LANGFITT: And this is where I ran into Jordan Johnson. He just rolled up on a skateboard. And I asked Jordan to read the quote on the billboard, which is from Boris Johnson - no relation - who's a member of parliament and, like, a big Brexiteer.

JORDAN JOHNSON: There is no plan for no deal because we're going to get a great deal.

LANGFITT: Is the United Kingdom getting a great deal from the EU right now?

JOHNSON: Not at all, not a great deal. I would not call it that. The promises have most definitely not come true. We are so, like, patriotic. But we didn't even think of, like, backup plan, what could go wrong - them kind of things.

LANGFITT: What do you think of the whole idea of this Led By Donkeys campaign?

JOHNSON: This campaign is - I think it's brilliant because whether you agree with it or you disagree with it, it'll get you to think.

LANGFITT: Others don't like the campaign.
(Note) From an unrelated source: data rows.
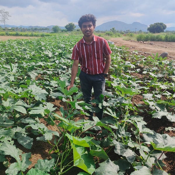 Myself ROSHAN S did my B.Sc. Hons in Horticulture. “I am from a farming family and have loved farming since childhood. I chose to study agriculture and completed my course at Adhiparasakthi Horticultural College. For the past year, I have been working as a farm supervisor, where we cultivate bhendi, bottle gourd, pumpkin, ash gourd, papaya, moringa, tomato, brinjal, curry leaf, turmeric, legumes, banana, agathi, and citrus on around 9 acres of land. We also grow fodder crops. I like to travel with Hooga seeds because I will also be a part of the native seed collection process which makes me proud and helps me learn something new about seed production.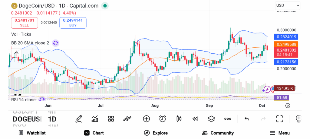 Dogecoin is the most recognizable meme coin in the market. Known for humor and community strength, the token often moves with social sentiment. In September 2025, DOGE gained over 21%, proving how quickly sentiment can fuel rallies. Analysts agree that traditional valuation models rarely apply to Dogecoin. Market enthusiasm, online discussions, and influencer comments often determine price direction.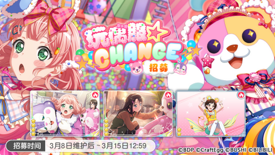 ※ 本招募附赠「玩偶服☆CHANGE 招募贴纸」,消耗该贴纸可在「招募贴纸交换所」兑换相应成员或道具!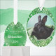 Name on one side with the words "Christmas Time with". Your bunny's photo appears in a Green ring with white Christmas designs drawn in white chalk.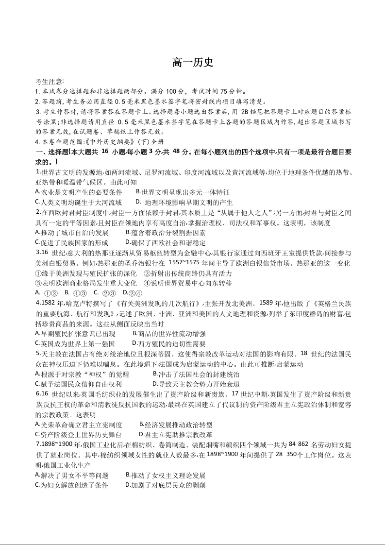 高一历史+答案--辽宁省普通高中2024-2025学年高一下学期7月期末联考试题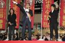 まるで選挙投票日の様相だ。スーツに白い手袋、髪を横分けにした三谷監督は「最後のお願いにやって参りました」と一票を求める立候補者のようにあいさつ。4本に束ねたマイクで「私には夢がある」と米国のマーティン・ルーサー・キング牧師の名言を引き合いにするなど“迷演説”を繰り広げた。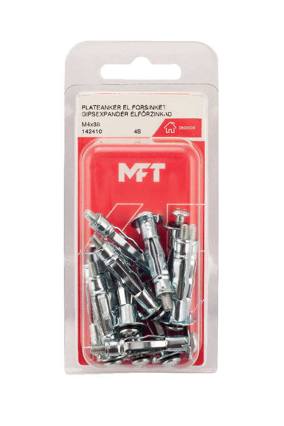 MFT Metallexpander är avsedd för div. tyngre montage i enkel gipsskiva, upp till 20 kg i enkel gips/metallexpander. Greppområde: 5-13 mm. Skall förmonteras, monteras enklast med MFT monteringstång.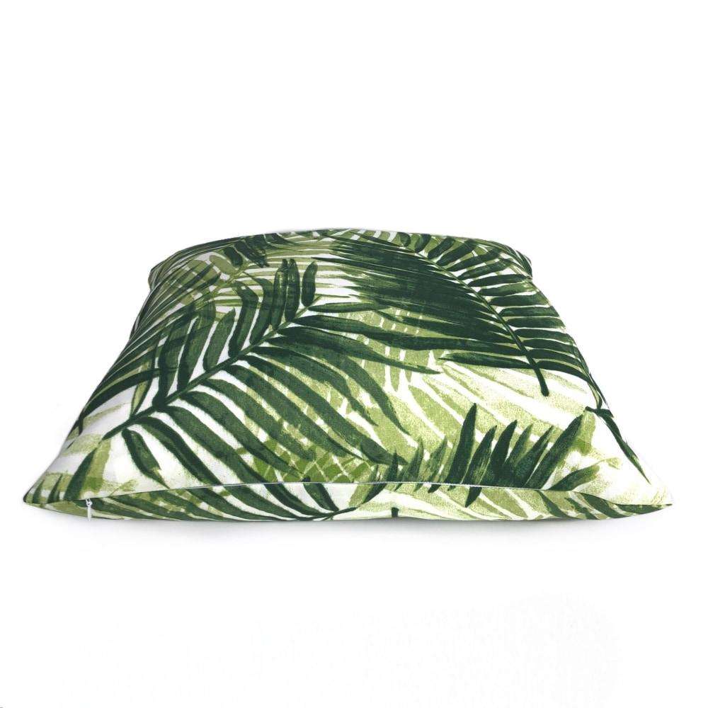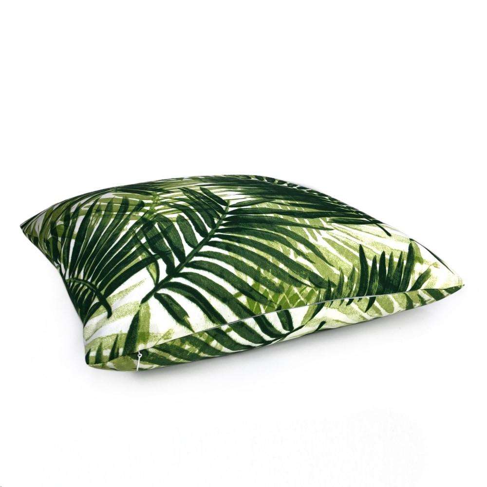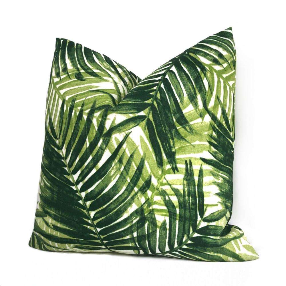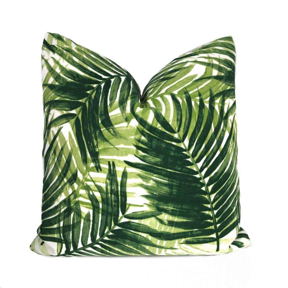 This green and cream pillow cover with an attractive tropical palm leaf print is perfect for decorating your outdoor porch or indoor sun room. This printed polyester fabric from Tommy Bahama is both soil and stain resistant and water repellent.

There's one billboard. It quotes Jacob Rees-Mogg - he's also a big Brexiteer, member of parliament - saying back in 2011 that he would support a second Brexit referendum, which he now publicly says he's very much against. Now, Jacob Rees-Mogg actually says he never backed such a vote in the first place. And the quote is really selective, way out of context.


LANGFITT: Back in west London, David Wood - he's a worker - he's pasting up the latest billboard. But he hasn't been paying much attention to it. And the reason is, like a lot of people here in the U.K., he's sick of Brexit. He also doesn't believe there should be a second referendum on the grounds that earlier voters were misled.

DAVID WOOD: We've already voted once. And we voted to leave. And it was democratically done. Just because they don't like it doesn't mean we should have another one.

LANGFITT: Led By Donkeys plans to use all this crowdfunding money to put up at least 150 billboards around the country. And what they hope is in the rush of the digital age, people will actually stop and look and think about what the politicians promised, what's actually happened and hold their elected officials accountable. Frank Langfitt, NPR News, London.